Why not tokio CancellationToken + JoinSet?

The core problems (Ctrl+C drops requests, no structured cancellation) can be fixed without replacing the runtime. Tokio's CancellationToken + JoinSet + explicit task tracking gives structured cancellation for fan-out patterns. This was considered and rejected for two reasons:

  1. Obligation tracking is the real win.
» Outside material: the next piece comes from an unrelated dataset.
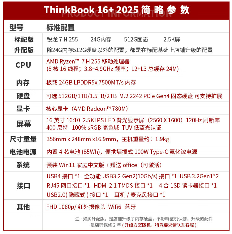 ThinkPad补贴20% 联想ThinkBook 16+ 2025小新款pro高性能游戏轻薄商务办公大学生笔记本电脑 锐龙7 H255 24G 1TB升配 Radeon 780M显卡 2.5K高清屏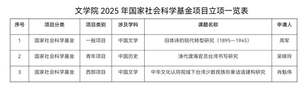 近日,全国哲学社会科学工作办公室公布2025年度国家社会科学基金年度项目立项结果,闽南师范大学文学院喜获1个一般项目,1个青年项目,1个西部项目。

CancellationToken/JoinSet fix the "cancel cleanly" problem but don't give us obligation tracking (compile-time proof that all spawned work is awaited) or deterministic lab testing. These are the features that prevent future concurrency bugs, not just the current Ctrl+C issue.
  2. Separation of concerns. Fixing Ctrl+C with tokio primitives first, then migrating the runtime second, doubles the migration effort (rewrite fan-out twice). Since we have no users and no backwards compatibility concerns, a single clean migration is lower total cost.

If asupersync proves unviable (nightly breakage, API instability), the fallback is exactly this: tokio + CancellationToken + JoinSet.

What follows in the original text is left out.